## Exercise requirements
Among the entries below, find the line with "Narrow-leaved Hop Bush", then quote it and each following line up to and including the line with "Image 2. Living", and nothing else.

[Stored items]
>>>
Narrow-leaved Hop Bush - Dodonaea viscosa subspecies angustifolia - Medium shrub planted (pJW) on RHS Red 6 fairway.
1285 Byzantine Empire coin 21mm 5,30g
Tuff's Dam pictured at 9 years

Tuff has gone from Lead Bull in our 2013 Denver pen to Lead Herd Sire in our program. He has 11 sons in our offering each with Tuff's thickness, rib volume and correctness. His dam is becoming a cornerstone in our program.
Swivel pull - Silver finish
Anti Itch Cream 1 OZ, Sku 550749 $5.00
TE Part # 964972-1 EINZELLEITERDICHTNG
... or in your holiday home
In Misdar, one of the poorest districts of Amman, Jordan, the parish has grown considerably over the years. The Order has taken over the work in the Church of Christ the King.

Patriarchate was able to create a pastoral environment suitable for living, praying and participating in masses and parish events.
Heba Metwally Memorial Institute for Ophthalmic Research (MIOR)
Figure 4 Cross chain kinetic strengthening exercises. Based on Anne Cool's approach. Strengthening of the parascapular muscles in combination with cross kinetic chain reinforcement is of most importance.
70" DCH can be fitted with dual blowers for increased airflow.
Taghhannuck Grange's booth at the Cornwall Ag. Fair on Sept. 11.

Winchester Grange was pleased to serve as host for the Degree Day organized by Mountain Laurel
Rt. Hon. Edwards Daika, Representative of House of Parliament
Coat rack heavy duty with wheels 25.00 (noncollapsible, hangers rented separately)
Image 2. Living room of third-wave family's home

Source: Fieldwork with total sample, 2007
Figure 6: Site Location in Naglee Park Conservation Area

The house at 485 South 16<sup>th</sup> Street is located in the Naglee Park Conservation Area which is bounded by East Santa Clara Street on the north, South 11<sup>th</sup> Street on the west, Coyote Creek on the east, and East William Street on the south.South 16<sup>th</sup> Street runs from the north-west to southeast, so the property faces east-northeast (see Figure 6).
<<<
>>>
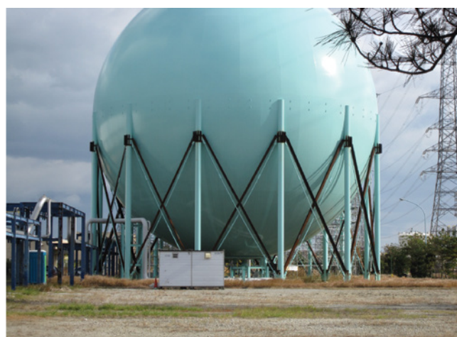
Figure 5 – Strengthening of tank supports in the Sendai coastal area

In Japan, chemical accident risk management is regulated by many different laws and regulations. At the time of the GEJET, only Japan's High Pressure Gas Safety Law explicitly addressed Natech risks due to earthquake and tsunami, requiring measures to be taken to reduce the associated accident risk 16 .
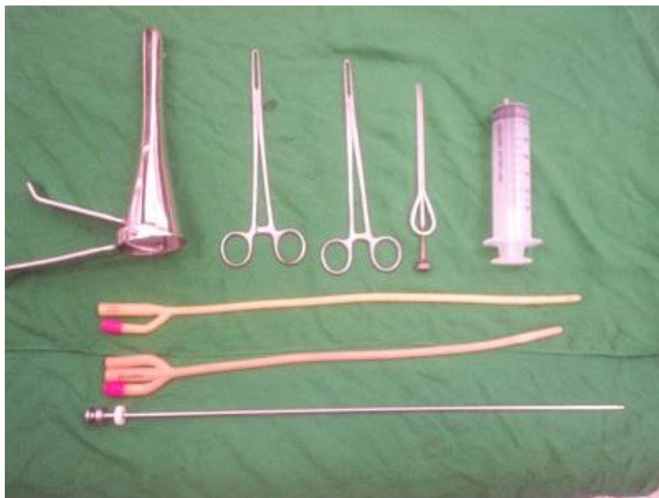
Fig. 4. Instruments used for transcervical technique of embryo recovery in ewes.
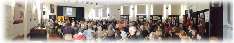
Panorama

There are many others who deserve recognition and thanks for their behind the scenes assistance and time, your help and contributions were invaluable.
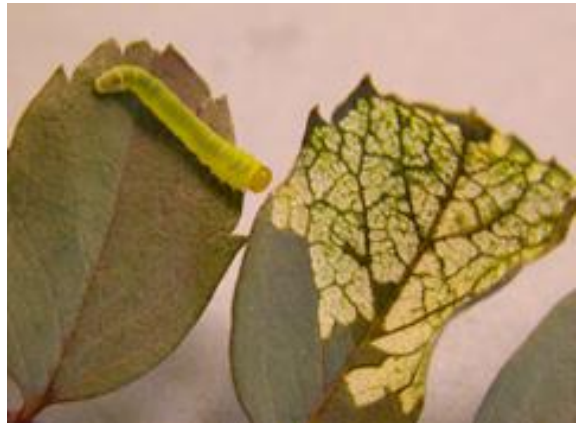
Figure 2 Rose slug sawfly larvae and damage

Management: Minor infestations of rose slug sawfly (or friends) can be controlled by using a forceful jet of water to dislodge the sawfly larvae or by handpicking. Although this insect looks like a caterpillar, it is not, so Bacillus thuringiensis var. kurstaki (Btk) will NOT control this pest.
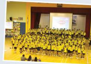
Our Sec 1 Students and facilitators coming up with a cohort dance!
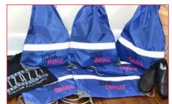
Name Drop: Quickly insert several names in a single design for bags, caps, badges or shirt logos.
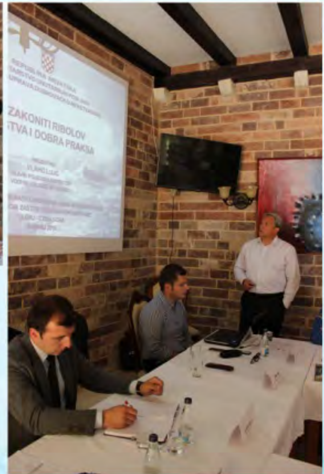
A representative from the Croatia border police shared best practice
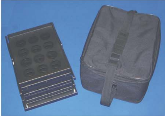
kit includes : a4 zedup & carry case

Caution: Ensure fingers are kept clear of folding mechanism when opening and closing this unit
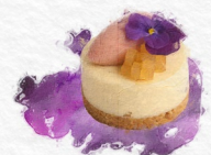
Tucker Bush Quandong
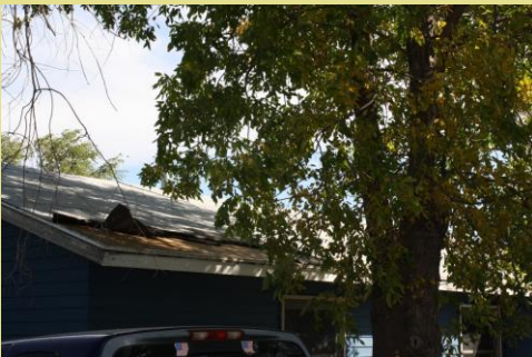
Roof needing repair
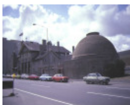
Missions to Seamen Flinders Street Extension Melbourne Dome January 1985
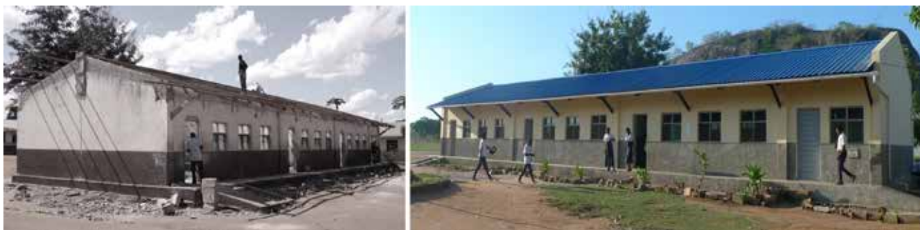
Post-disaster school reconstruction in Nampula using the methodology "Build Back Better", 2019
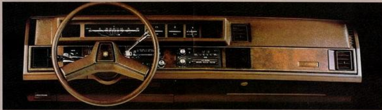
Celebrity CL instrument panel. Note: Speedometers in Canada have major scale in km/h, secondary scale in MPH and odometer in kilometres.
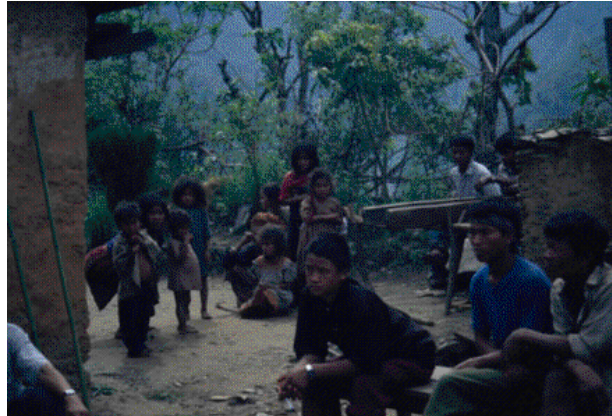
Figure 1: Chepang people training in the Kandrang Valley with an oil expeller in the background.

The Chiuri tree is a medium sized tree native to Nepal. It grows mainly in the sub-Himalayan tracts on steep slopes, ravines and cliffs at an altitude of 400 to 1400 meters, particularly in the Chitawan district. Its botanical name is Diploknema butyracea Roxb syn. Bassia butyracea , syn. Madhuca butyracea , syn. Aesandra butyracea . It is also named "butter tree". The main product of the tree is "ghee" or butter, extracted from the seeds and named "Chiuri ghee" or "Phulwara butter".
<<<
## Exercise answer
Narrow-leaved Hop Bush - Dodonaea viscosa subspecies angustifolia - Medium shrub planted (pJW) on RHS Red 6 fairway.
1285 Byzantine Empire coin 21mm 5,30g
Tuff's Dam pictured at 9 years

Tuff has gone from Lead Bull in our 2013 Denver pen to Lead Herd Sire in our program. He has 11 sons in our offering each with Tuff's thickness, rib volume and correctness. His dam is becoming a cornerstone in our program.
Swivel pull - Silver finish
Anti Itch Cream 1 OZ, Sku 550749 $5.00
TE Part # 964972-1 EINZELLEITERDICHTNG
... or in your holiday home
In Misdar, one of the poorest districts of Amman, Jordan, the parish has grown considerably over the years. The Order has taken over the work in the Church of Christ the King.

Patriarchate was able to create a pastoral environment suitable for living, praying and participating in masses and parish events.
Heba Metwally Memorial Institute for Ophthalmic Research (MIOR)
Figure 4 Cross chain kinetic strengthening exercises. Based on Anne Cool's approach. Strengthening of the parascapular muscles in combination with cross kinetic chain reinforcement is of most importance.
70" DCH can be fitted with dual blowers for increased airflow.
Taghhannuck Grange's booth at the Cornwall Ag. Fair on Sept. 11.

Winchester Grange was pleased to serve as host for the Degree Day organized by Mountain Laurel
Rt. Hon. Edwards Daika, Representative of House of Parliament
Coat rack heavy duty with wheels 25.00 (noncollapsible, hangers rented separately)
Image 2. Living room of third-wave family's home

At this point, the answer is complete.